Property may be considered individual property of a party and not subject to division if it was acquired:

  1. As a gift from someone other than your spouse
  2. By your family's inheritance

This exempted property does not apply if the court finds that refusal to divide the property will create a hardship on the other party or on the children of the marriage. If the court makes such a finding, the court may divest the party of the property in a fair and equitable manner.

Does ALL property get divided?

In Wisconsin, there is a presumption that property will be divided equally between parties. This presumption can be overcome by arguments as to why a different division is fairer. While the law presumes all property is community, many times arguments are made that each party should leave with what they came with. In practice, the parties often negotiate the division of the assets acquired during the marriage and exclude their premarital assets as their individual property. However, an argument can be made that the premarital interests are so commingled with marital assets that they have lost their individual interest and have become all marital. Such an argument requires a careful review of the facts of the situation.

If I started a business during the marriage, will it be divided too?

Yes, if you start a business during the marriage, a court may consider the value of the business, including assets and receivables, as marital property. Your spouse may receive part or even half of your business in a divorce. Since it may be difficult to physically divide a business, a court may allocate another marital asset that is equal to the value of your business. The court may also order assets from the business to be paid to the ex-spouse.

Is my retirement fund still mine?

Under Wisconsin law, all assets brought to the marriage or acquired during the marriage are considered marital property. Retirement funds are included in assets that can be divided.

When gathering all the asset and debt information in your marital estate, it is often a balancing act in determining who will keep which assets and debt.

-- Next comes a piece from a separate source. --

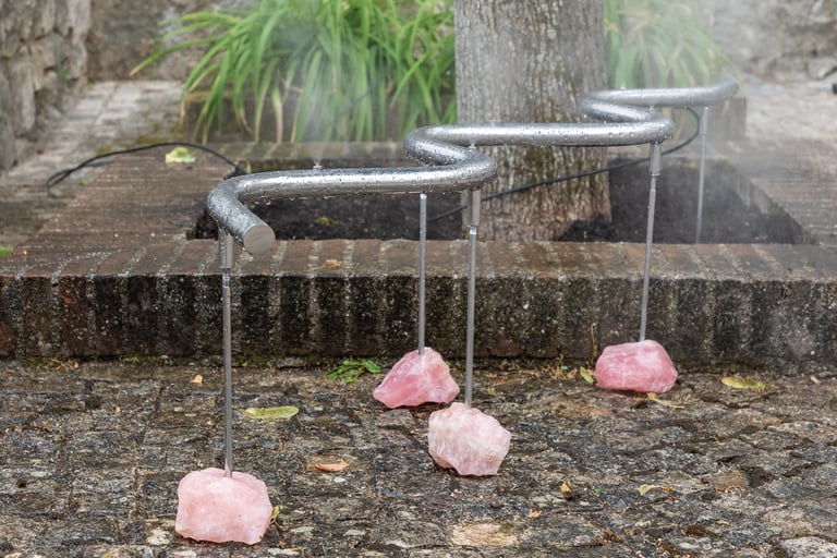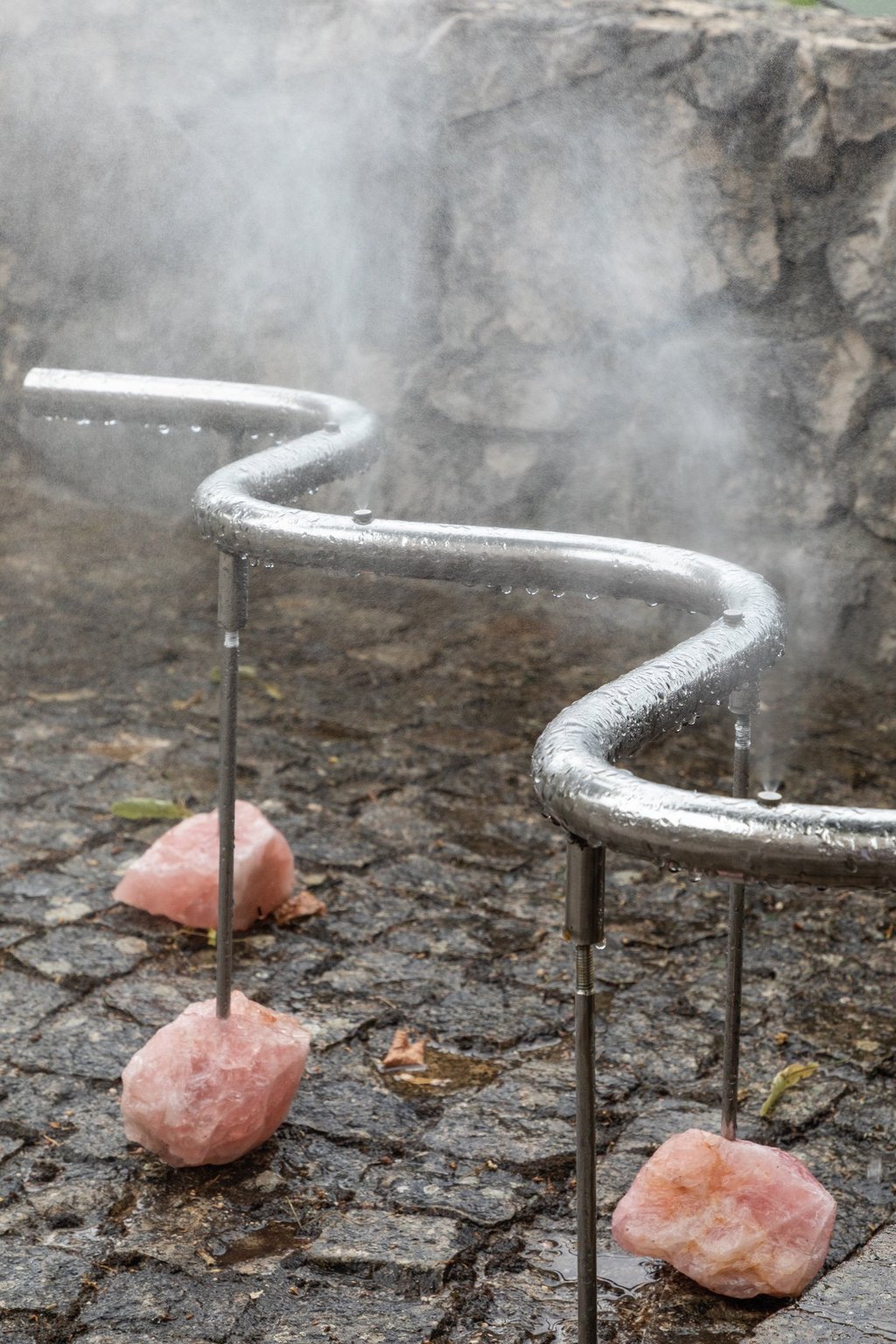 The sculpture comes to life once the mist system is tuned on and explores the intangible, the immaterial with water mist becoming the main element of the piece. Once wet, the colour of the pink quartz slightly changes into a darker and more intense pink. Water drops cover the body of Mist-y as the sculpture slightly trembles from the water pressure. When in contact with rays of sunlight a rainbow can be observed.

If you have enough assets that are equal in value to your retirement account, then your spouse could opt to receive those assets, and you could keep your retirement account.

What if my retirement account began before my marriage?

If you have any pre-marital interest in your retirement accounts, you can certainly negotiate with your spouse to exclude your pre-marital interest from the marital assets being divided. You will need to gather records indicating the value of your account at the time of the marriage to verify your pre-marital interest. You should note that the court is not required to grant you any premarital interest.